The above and other objects, advantages and features of the present application will become more apparent to those skilled in the art from the following detailed description of specific embodiments thereof, taken in conjunction with the accompanying drawings.
Drawings
Some specific embodiments of the present application will be described in detail hereinafter by way of illustration and not limitation with reference to the accompanying drawings. The same reference numbers in the drawings identify the same or similar elements or components. Those skilled in the art will appreciate that the drawings are not necessarily drawn to scale. In the drawings:
fig. 1 is a schematic flow chart of a video classification method according to an embodiment of the present application;
FIG. 2 is a schematic diagram of a video classification system according to an embodiment of the present application;
FIG. 3 is a schematic diagram of a computing device according to an embodiment of the present application;
FIG. 4 is a schematic diagram of a computer-readable storage medium according to an embodiment of the application.
Detailed Description
In two types of video classification methods: the first category is classical manual feature-based methods, including methods for extracting traditional global and local features, including, for example, shot counts, mean color histograms, Histogram of Oriented Gradients (HOG), Histogram of Optical Flow (HOF), and classifiers (SVMs, KNN, etc.) or clustering algorithms.

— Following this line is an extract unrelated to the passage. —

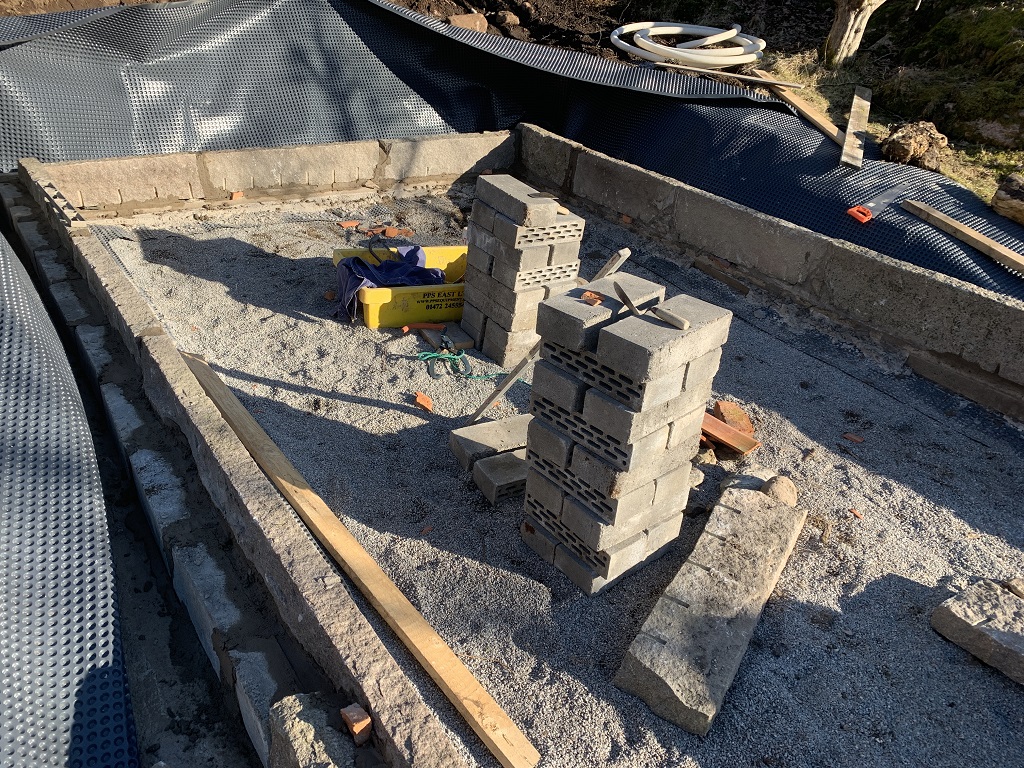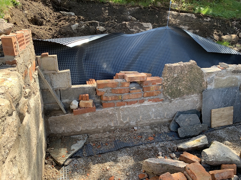 Under maj hände inte så mycket annat än att köra sten – både natursten och gammal tegelsten/eldfast sten från ”Bra-att-ha”-förrådet. Väggarna blev sakta högre. Vi skissade lite på fönster- och dörröppningar. Och bland det viktigaste – hur skulle skorstenen konstrueras?

In the first approach, either video-based features or frame-based features are employed. Based on features of the video such as average shot length, average number of faces, etc. Frame-based features are features extracted from a sequence of frames (all frames in a video or key frames of a shot) and then the features extracted from the frames are mapped into one or more vectors to represent the entire video. The frame-based features may be global features, such as color histograms, or local features, such as Scale-invariant feature transforms (SIFT), Speeded Up Robust Features (SURF), HOG, etc.

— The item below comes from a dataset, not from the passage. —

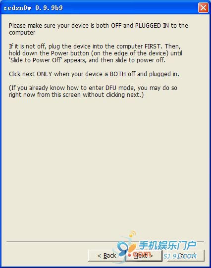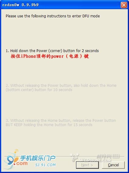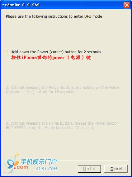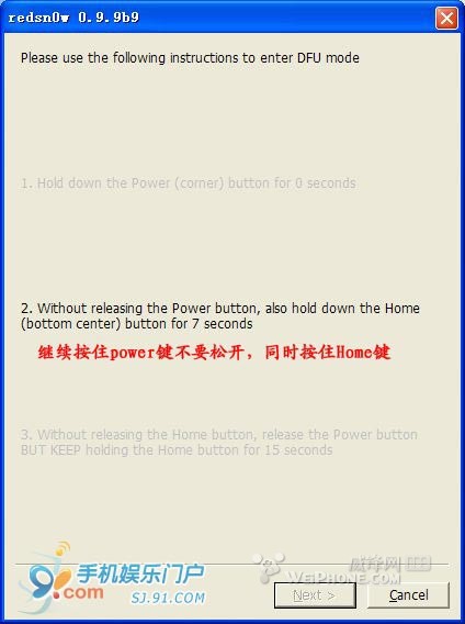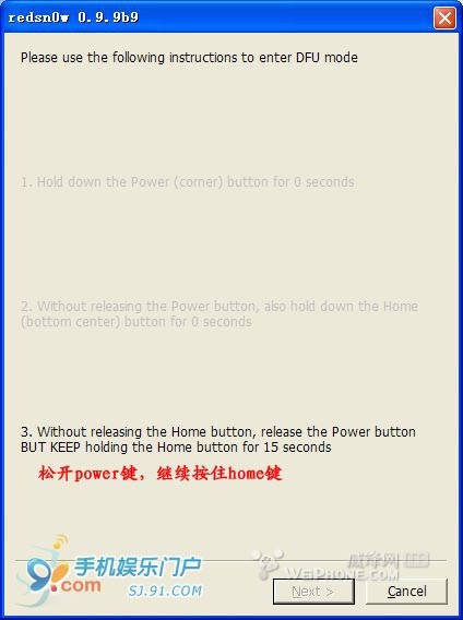 3.4 接着就进入到新手最害怕的DFU模式,其实不必紧张,按照redsnow的提示一步步进行即可,如果失败了重新来过就是了。

The second category is a deep learning based approach that uses features extracted from selected key frames as the basis for video classification. Recently, with the advent of deep learning techniques, it has become easier to learn more powerful feature representations.
Fig. 1 is a flowchart illustrating a video classification method according to an embodiment of the present application. As can be seen from fig. 1, a video classification method provided in an embodiment of the present application may include:
step S101: acquiring video data to be classified, and extracting at least one video key frame of the video data to be classified;
step S102: inputting each video key frame into a preset target detection network for training, and generating a key frame vector of each video key frame based on each trained video key frame;
step S103: inputting the key frame vector of each video key frame into a preset depth characteristic video matrix model, and outputting a depth characteristic video matrix of video data to be classified through the depth characteristic video matrix model;
step S104: and classifying the video data to be classified based on the depth characteristic video matrix to generate a classification label of the video data to be classified.
The application provides a video classification method, in the method provided by the application, video data to be classified are obtained firstly, and at least one video key frame of the video data to be classified is extracted; inputting each video key frame into a preset target detection network for training, and generating a key frame vector of each video key frame based on each trained video key frame; inputting the key frame vector of each video key frame into a preset depth characteristic video matrix model, and outputting a depth characteristic video matrix of video data to be classified through the depth characteristic video matrix model; and finally, classifying the video data to be classified based on the depth characteristic video matrix to generate a classification label of the video data to be classified.
According to the video classification method, the different features of the video are extracted and fused to form the depth feature video matrix, and the video is classified based on the depth feature video matrix, so that various features of the video can be considered during video classification, and the accuracy of video classification is further improved. The following describes steps S101 to S104 in detail.
Step S101 is performed first, video data to be classified is acquired, and at least one key frame is extracted from the video data.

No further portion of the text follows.